Same with the bank, they will need to to See an original, though if you personally take it in to the branch they will copy it and give you the original back, there and then. It's worth making an appointment first, they'll also do a search to see if their are any other accounts, ancient or dormant that have gotten forgotten about over time. If all there was is a joint account with your dad, this will make things a lot simpler.

I chose to do many of theses things in person, it"s an excuse to get out of the house, though in my case it was an empty one.

The local council too, were more of a bunch of jobsworths than the DWP. Returning things like blue badges, getting the council tax adjusted for change in occupancy etc.

The tell you once service is optional, if the registrar has a good internet connection, they can (if they can be bothered) do it for you, if not all you need is the death certificate number and it can be done from home. My local DWP. job centre are quite some distance away, and sorting things out on the phone worked better for me, the only downside is, that their paperwork is usually a week behind the phone calls, so you end up getting notifications in the post about issues that have already been resolved. Like letters about a £10 x-mas bonus to a benefit that has already been stopped.

Heading home in a few hours after spending 7 days away (x-mas in an empty house would have been a tad too much) I dread to find what wonders are enclosed in little brown envelopes from the myriad of govt agencies await. No doubt some benefits have been overpaid.
A bit of me feels frozen.

How dare you die after all my efforts, but I’m glad she did.

I feel torn in two. One bit of me want’s to concentrate on practical stuff, the other wants to scream. But I’m stuck in this Grey Land that is neither one or the other.
It's a whole roller coaster of emotions. Just make sure you eat something, and allow yourself to cry/scream when it feels right - although that may well be after the funeral. Plan to go away, even if it's just for a weekend, away from everything at home, when the formalities are over.
Finally got mum’s death registered. At one point the register said she had to double check the new doctor’s death certificate.
I felt like exploding. But I could see dad crumbling. So I kept it together, reassuring him it would be alright. But at the same time I was clutching the note paper with the coroner’s name and direct number on.
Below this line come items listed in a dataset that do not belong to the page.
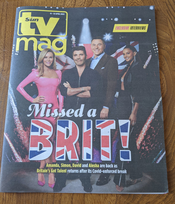 SUN TV Magazine 16th April 2022 - Brand New Condition BGT Cover story featuring Amanda, David, Simon and Alesha and interview inside with them all on the new series. PLUS...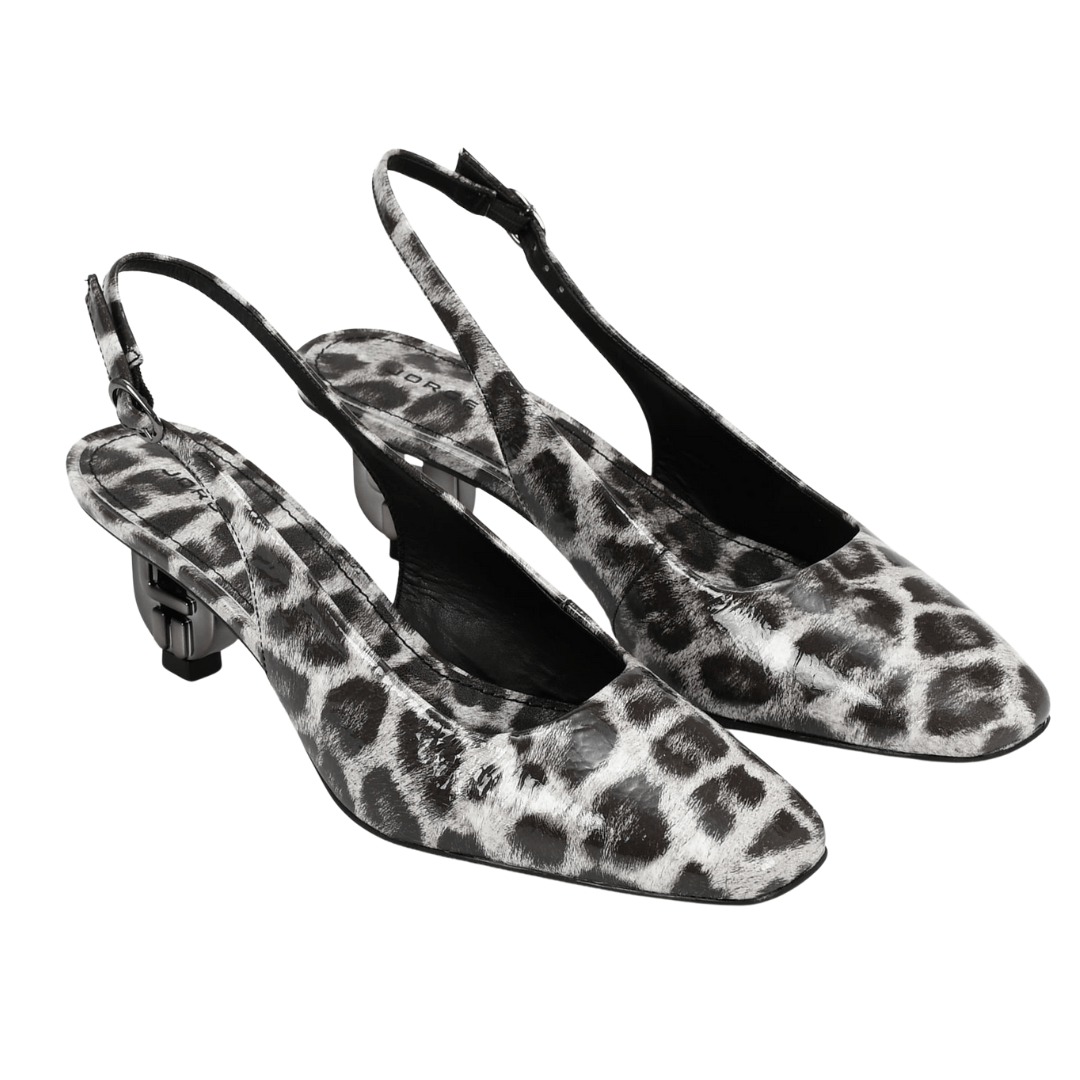 Modelo: Slingback Jorge Bischoff Feminino Salto JB Heel Onça Preto Branco Couro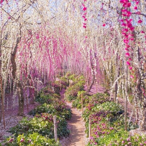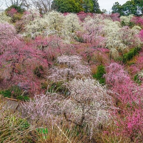 5000?の園内で350本のしだれ梅が楽しめます。独自の「昇竜仕立て」という仕立て方で、竜が雲をつかみ、...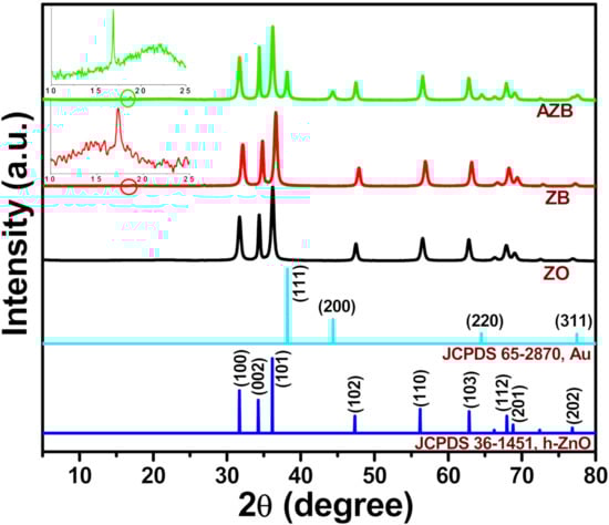The crystalline phases of the ZO, ZB, and AZB samples were determined from their XRD profiles as depicted in Figure 1. The XRD reflection peaks of the as synthesized ZO, ZB, and AZB centered at 31.62°, 34.27°, 36.21°, 47.41°, 56.50°, 62.70°, 67.81°, 68.97°, and 76.93° correspond to the (100), (002), (101), (102), (110), (103), (112), (201), and (202) diffraction planes, respectively, which are consistent with the hexagonal ZO (h-ZO) structure (Joint Committee on Powder Diffraction Standards (JCPDS) 36-1451) [23]. Moreover, some additional peaks were observed at approximately 38.05°, 44.25°, and 64.54° for the AZB sample, which contained the (111), (200), and (220) crystal planes of cubic Au NPs (JCPDS 65-2870) [26]. These results confirmed the successful formation of Au NPs without using any surfactants, during which BP acted as a green reductant. The enlarged spectra of the ZB and AZB samples contain an additional peak at 17.15°, which corresponds to the (020) lattice plane of BP [27]. Therefore, the results of the XRD measurements confirmed the successful preparation of the ZO, ZB, and AZB samples.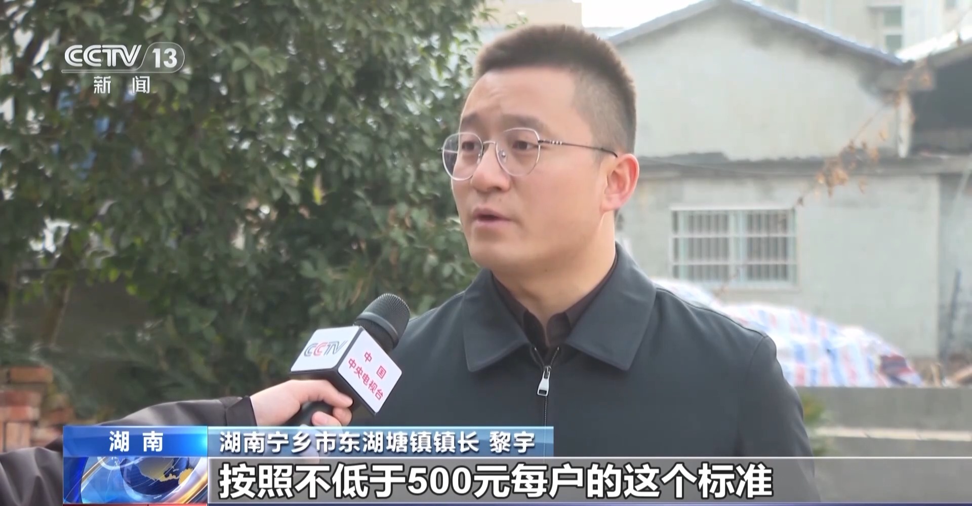 湖南宁乡市东湖塘镇镇长 黎宇:按照不低于500元每户的这个标准,发放到群众手中,目前已经全部发放到位。
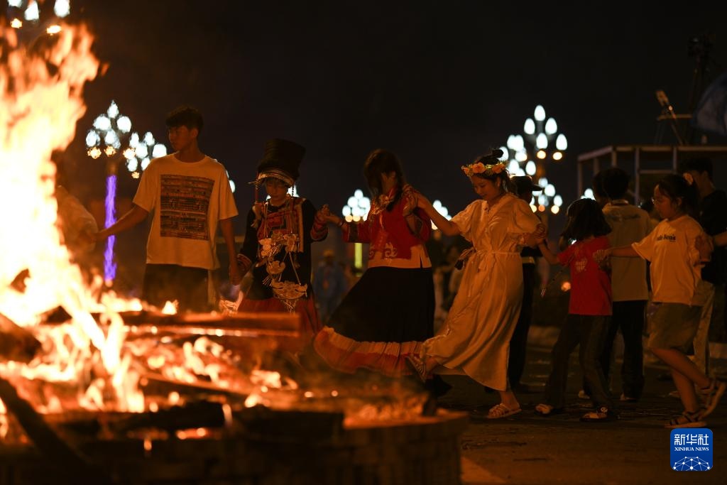 7月18日,市民围着火堆跳舞。新华社记者 胥冰洁 摄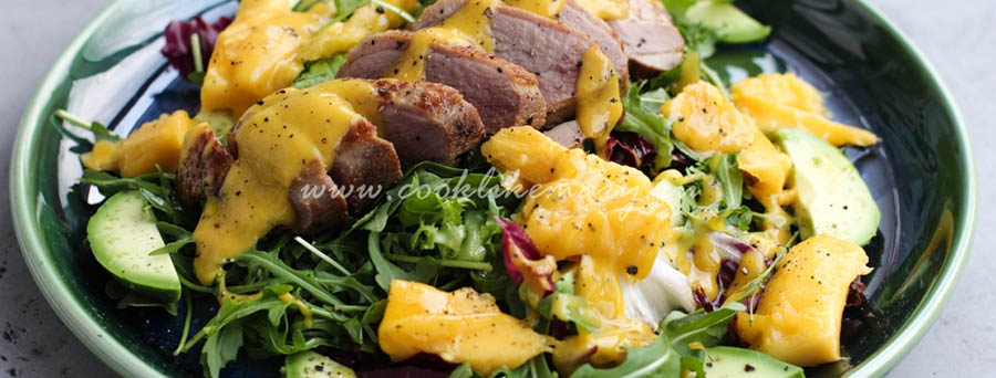 Рецепт теплого салата с уткой и рукколой очень прост. При этом вкус получается изысканным. Учитывая, что утка появляется на наших столах не так уж часто, особенно в сочетании с соусом из манго – он гарантированно вызовет удивление и восхищение у ваших друзей и родственников.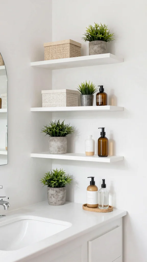 Floating vanities are a brilliant solution for maximizing space in smaller bathrooms. By elevating the vanity off the floor, this design creates an illusion of more room, making your bathroom feel more open and airy. The sleek, contemporary look enhances your space while simplifying cleaning efforts beneath. Pair it with a bright color palette to enhance the fresh, spacious feel.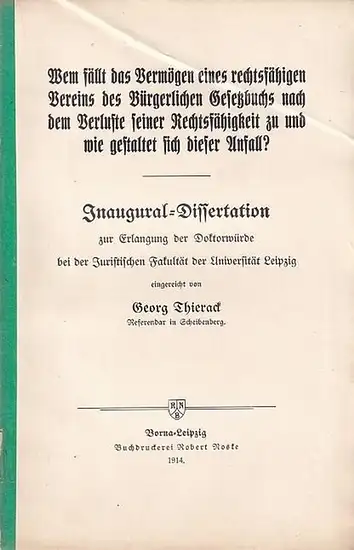 Thierack, (Otto) Georg: Wem fällt das Vermögen eines rechtsfähigen Vereins des Bürgerlichen Gesetzbuchs nach dem Verlust seiner Rechtsfähigkeit zu und wie gestaltet sich dieser Anfall ? Inaugural-Dissertation ..._bei der Universität Leipzig.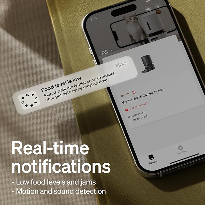 - 1080P HD Camera with Night Vision & Two-Way Audio Interaction— Always Stay Connected: Stay close to your pet wherever you are with a built-in 1080P HD camera featuring night vision. Watch your furry friend in real time through PETLIBRO App, while feeding moments are automatically captured and stored for playback. Talk and comfort your pet in real time through two-way audio, or record a personalized 10-second meal call to let them feel your presence even when you’re away.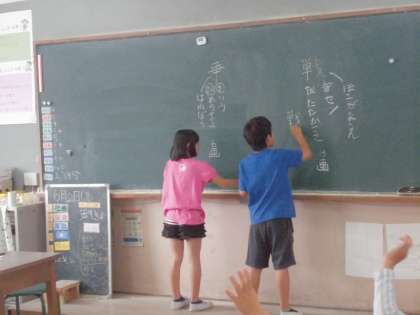 今日の漢字は「戦」と「争」でした。明日から国語で勉強する「一つの花」も戦争のお話です。くじで選ばれた二人,お疲れ様でした。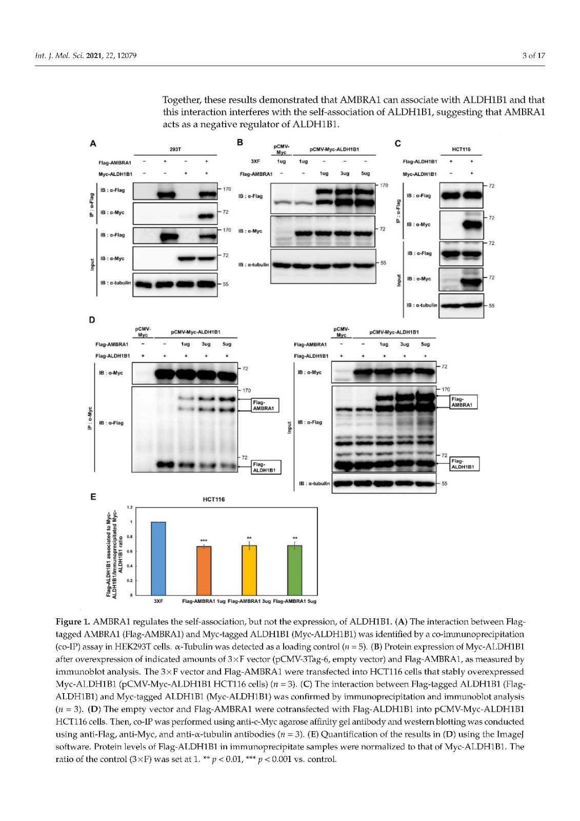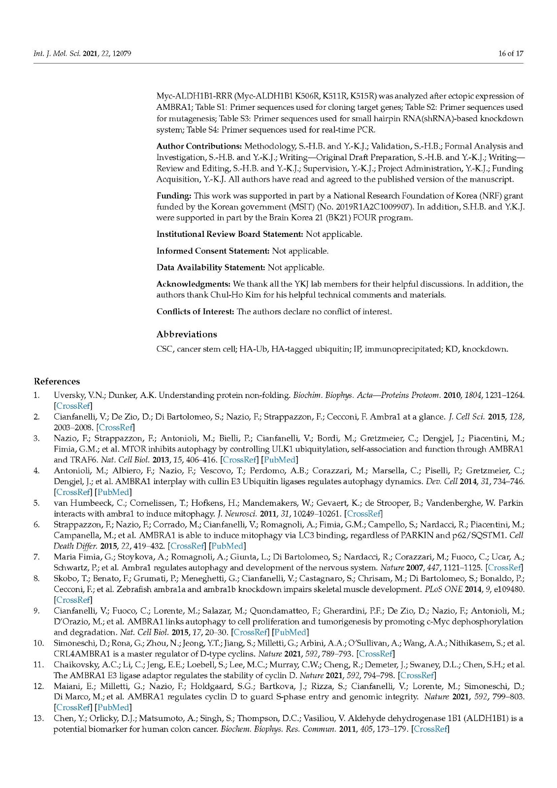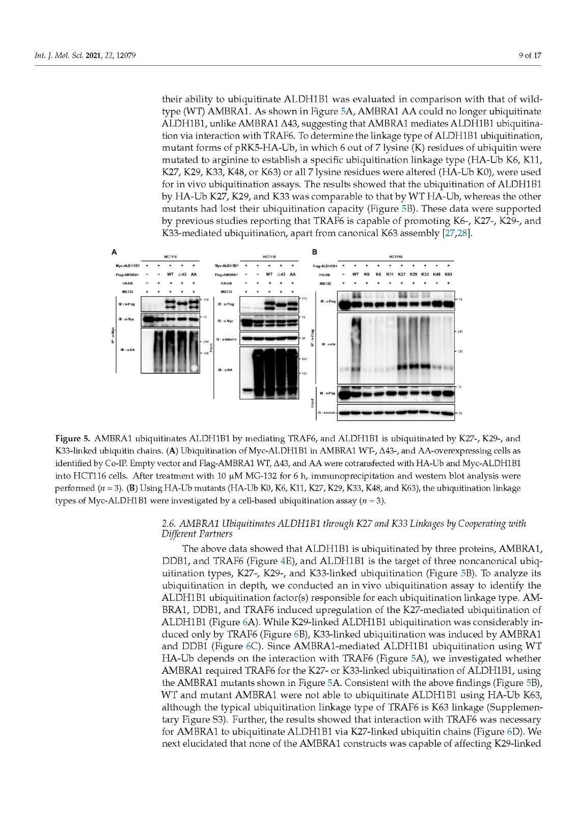 According to the Biological General Repository for Interaction Datasets (thebiogrid.org, Accessed 15 December 2020), ALDH1B1 has been identified as one of the AMBRA1-interacting proteins via affinity purification-mass spectrometry analysis of Flag-AMBRA1-transfected HEK293T human embryonic kidney cells [18]. However, the biological significance of the interaction between AMBRA1 and ALDH1B1 is not yet understood. Here, for the first time, we show that AMBRA1 downregulates the self-association and enzyme activity of ALDH1B1, and subsequently regulates CSC-associated Wnt/β-catenin signaling in an ALDH1B1-dependent manner. Mechanistically, AMBRA1 controls ALDH1B1 function via the ubiquitination of ALDH1B1 with K27- and K33-linked ubiquitin chains. Further, we found that TRAF6 and DDB1, an adaptor protein of the CRL4 complex, are able to ubiquitinate ALDH1B1 in an AMBRA1-independent fashion.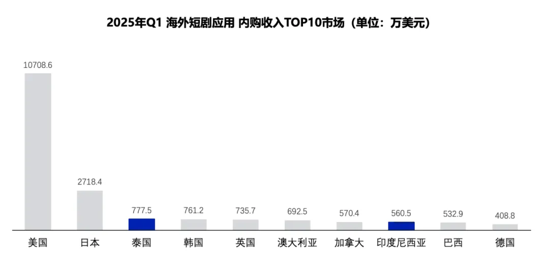 在收入方面,东南亚短剧市场的APP内购收入亦实现高速增长。2024年,印度尼西亚、泰国和马来西亚分别以1746万美元、1089万美元和1062万美元的年度累计收入,进入全球前十市场。到2025年Q1,泰国以778万美元跻身全球短剧应用内购市场前三,印度尼西亚则以561万美元排名第八。

It was alright. I’ve got the 5 death certifactes I wanted (over the top, but better safe than sorry) plus that green thing for the undertakers.

I also got the ref number and telephone number for the dreaded DWP…. Please call again later our numbers are busy.

On the way out, dad and me saw some plaque. It went on about people called the ‘Bantams.’
I insisted that we houour them by bowing our knees. Mum’s dad was gassed three times: I thought it the least we could do.
Hi Sajehar ,i think it refers to the men who were rejected for being too short ,after the war had been going on for a couple of years and cannon fodder was in short supply they were conscripted into bantam battalions .
During ww2 Germany had ear and stomach battalions of deaf soldiers and men with stomach ulcers .
ids and the dwp would have been so proud .
Hope you are coping ok ,good luck with the dwp .
Hi Sajehar
Glad things are starting to go more smoothly now for you and your Dad.
David - very interesting - I'd never heard of Bantam regiments before nor the German version.
I cannot begin to describe how angry I feel. I do not know where this anger comes from.

I’m normally such a laid back person. Having said that, I got so pissed off with our Housing Association we took them to court. We won, even though they tried to make out we were ‘Vexatious.’

I don’t know why, but that plaque had a real effect on me.I looked it up afterwards. The plaque did mention height of men enlisted (max 5ft 3”) but not why.
Dad, in the car afterwards, thought they must have been enlisted for tunnelling, or something.
Nothing so special. It was just a way to get fit and healthy (mainly miners) but smaller men to enlist in the army for WW1.

I’m angry at everyone; even mum. But I don’t know what to do with my anger. Why do I feel fury for WW1 soldiers?